| Data for analysis |
-=-=-
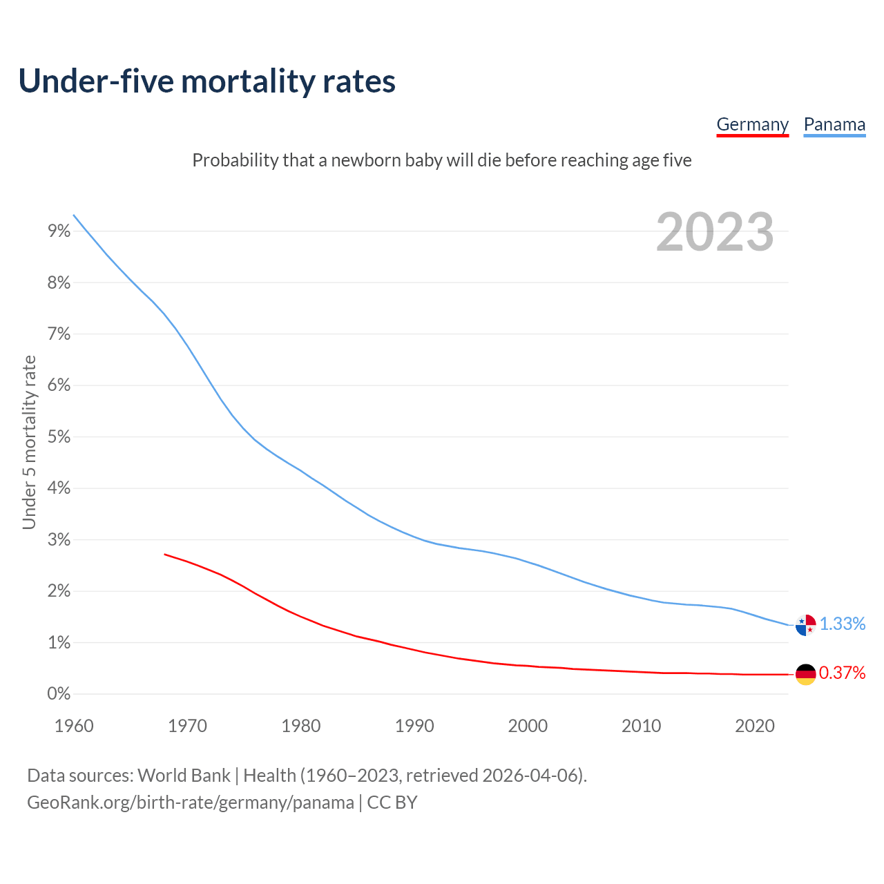 The chance that a newborn baby will die before reaching age five is 0.37% in Germany and 1.33% in Panama. Above is a chart with historical data on under-five mortality rates.
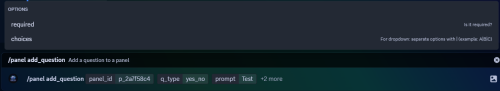 /panel add_question <panel_id> <q_type> <prompt> [required] [choices]
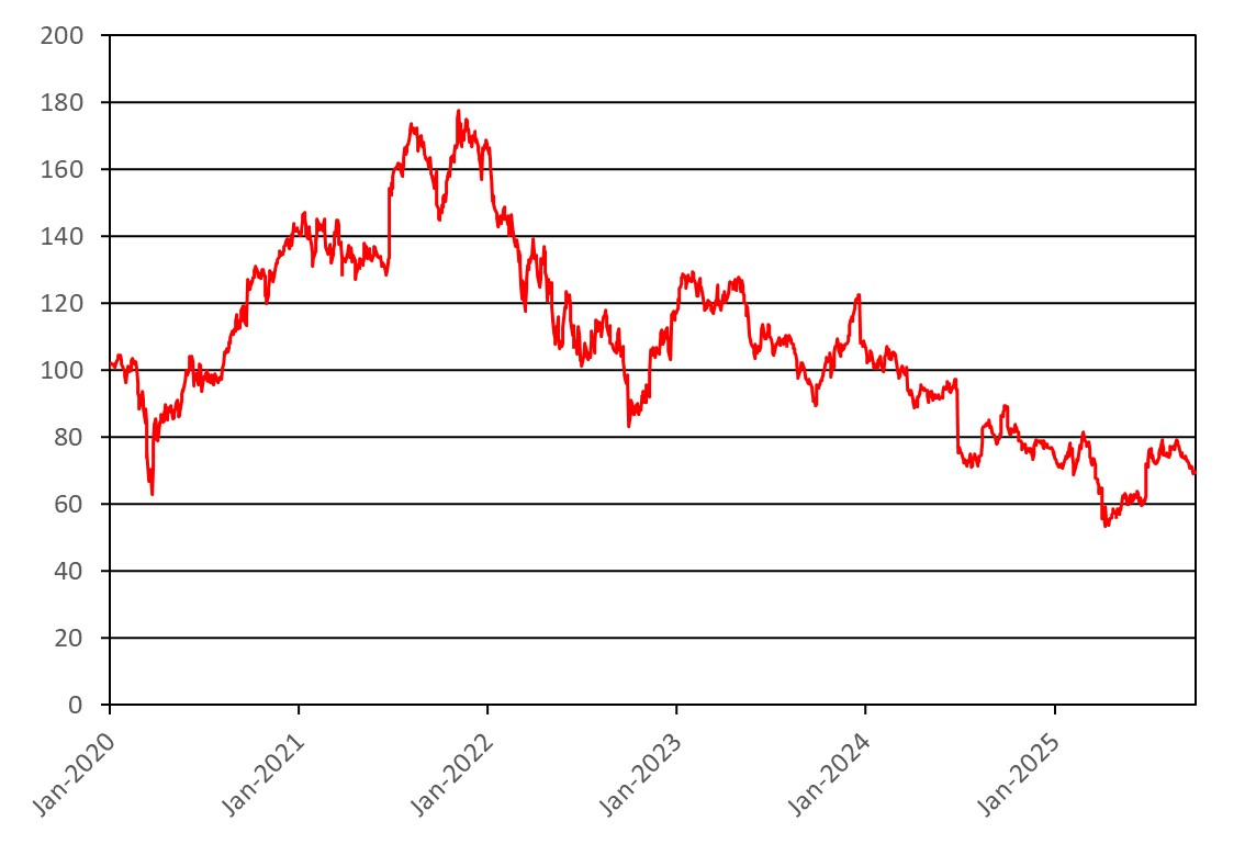 We obtained the information regarding the historical performance of the reference asset in the graph below from Bloomberg, without independent review or verification. The graph below illustrates the performance of the reference asset from January 1, 2020 through September 30, 2025. The closing price of the reference asset on September 30, 2025 was $69.73.
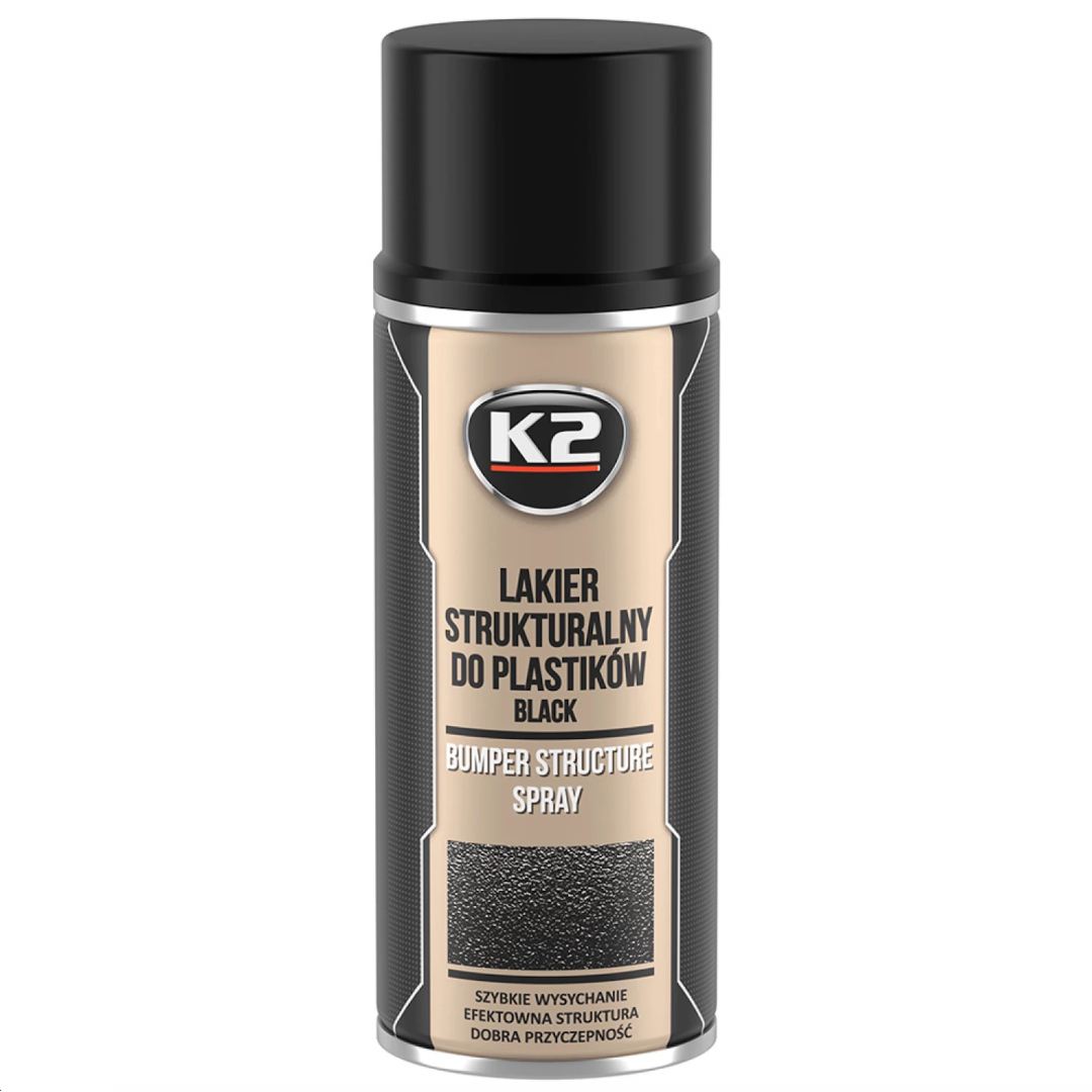 K2 BUMPER быстросохнущий черный текстурированный лак для пластика. Для покраски бамперов без необходимости грунтовки. Создает стойкое к повреждению покрытие. Позволяет достичь желаемой текстуры, маскируя недостатки поверхности и имитируя естественный вид пластика при необходимости.
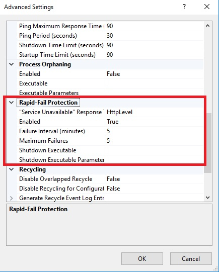 從 IIS 管理器的 GUI 中,你可以使用快速故障保護部分的應用程式池高階設定,獲得應用程式池故障設定,如下所示。
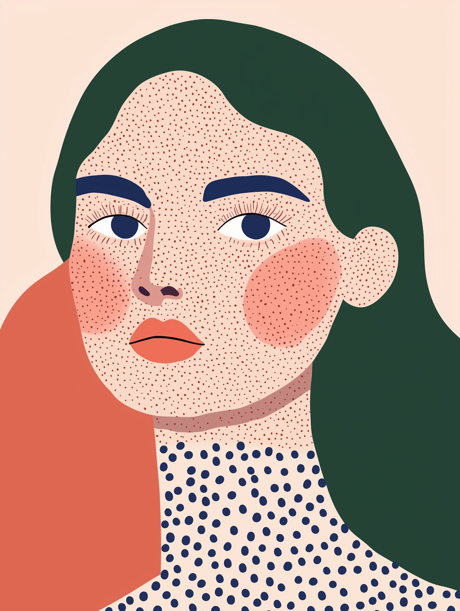 Abstract illustration of a woman with green hair, freckles, and polka dot clothing. Bold colors and modern design elements.
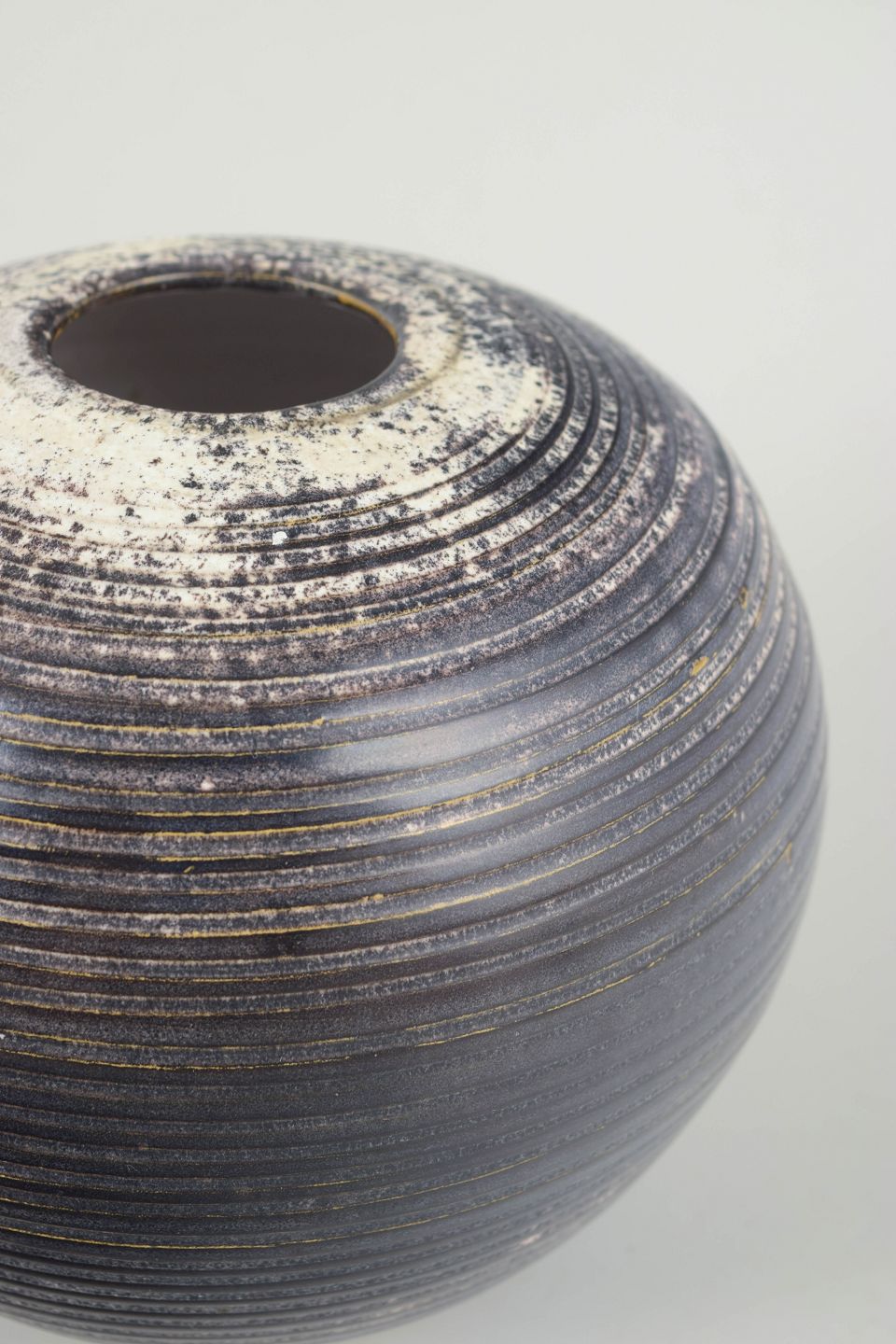 Svend Hammershøi for Kähler vase, 1930’erne.Kugleformet vase i drejet stentøj med karakteristisk rillet overflade og dobbelt glasur i sorte og grå nuancer, der skaber dybde og et nuanceret spil i overfladen.
-=-=-
| Activity |
Leave the pictures aside and print exactly, and only, the lines from the one with "Abstract illustration of" through the end of the data, both included.

| Reply to the exercise |
 Abstract illustration of a woman with green hair, freckles, and polka dot clothing. Bold colors and modern design elements.
 Svend Hammershøi for Kähler vase, 1930’erne.Kugleformet vase i drejet stentøj med karakteristisk rillet overflade og dobbelt glasur i sorte og grå nuancer, der skaber dybde og et nuanceret spil i overfladen.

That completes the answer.